Logotype for Colliers International Group Inc

Colliers International Group (CIGI) Investor presentation summary

Event summary combining transcript, slides, and related documents.

Logotype for Colliers International Group Inc

Investor presentation summary

2 Mar, 2026

Company overview and business segments

  • Operates as a global diversified professional services and investment management firm with $5.6B revenue in 2025 and 24,000 professionals worldwide.

  • Three main segments: Commercial Real Estate ($3.3B revenue), Engineering ($1.8B revenue), and Investment Management ($0.5B revenue, $108B AUM).

  • Commercial Real Estate offers a full-service global platform, with 38% of revenue contractual and resilient, and $112B in transaction value in 2025.

  • Engineering segment is rapidly growing, diversified across geographies and end markets, and will be strengthened by the acquisition of Ayesa Engineering.

  • Investment Management manages $108B AUM, focusing on alternative and defensive sectors, with differentiated strategies and strong fundraising track record.

Strategic growth and transformation

  • Emphasizes an enterprising culture, disciplined capital allocation, and a partnership philosophy with over 25% inside ownership.

  • Pursues internal growth by investing in talent, promoting from within, and targeting faster-than-market expansion.

  • Acquisitions are a key growth lever, targeting 15%+ unlevered IRR and focusing on synergies and adjacencies.
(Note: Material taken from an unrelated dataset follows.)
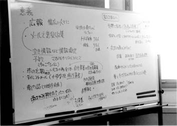| コンセプトなどは、ボードに書き出しながら会議を進めます。わかりやすく、新しい意見もだしやすいものです。ブレーンストーミングでは、思いついたことをフリートークでどんどんあげてもらいますが、出し切るまでは他の人の意見を批判しないことが原則です。 |

  • Transformation since 2015 has increased resilient AEBITDA from 28% to 71% by 2025, driven by diversification and growth in Engineering and Investment Management.

  • Cross-platform synergies between segments maximize value, with client referrals and skill transfer enhancing growth opportunities.

Financial performance and capital structure

  • Revenue grew from $2.8B in 2020 to $5.6B in 2025, with Adjusted EBITDA rising from $361M to $732M and Adjusted EPS from $4.18 to $6.99.

  • Maintains robust free cash flow, with a 105% conversion rate in 2025, supporting reinvestment and acquisitions.

  • Over $1.1B in available liquidity under a revolving credit facility due 2031; leverage ratio at 2.0x, rising to 2.7x post-Ayesa acquisition.

  • Asset-light business model with strong cash flow, low capex, and high free cash flow conversion.

  • 70%+ of earnings are resilient, providing balance, stability, and durability.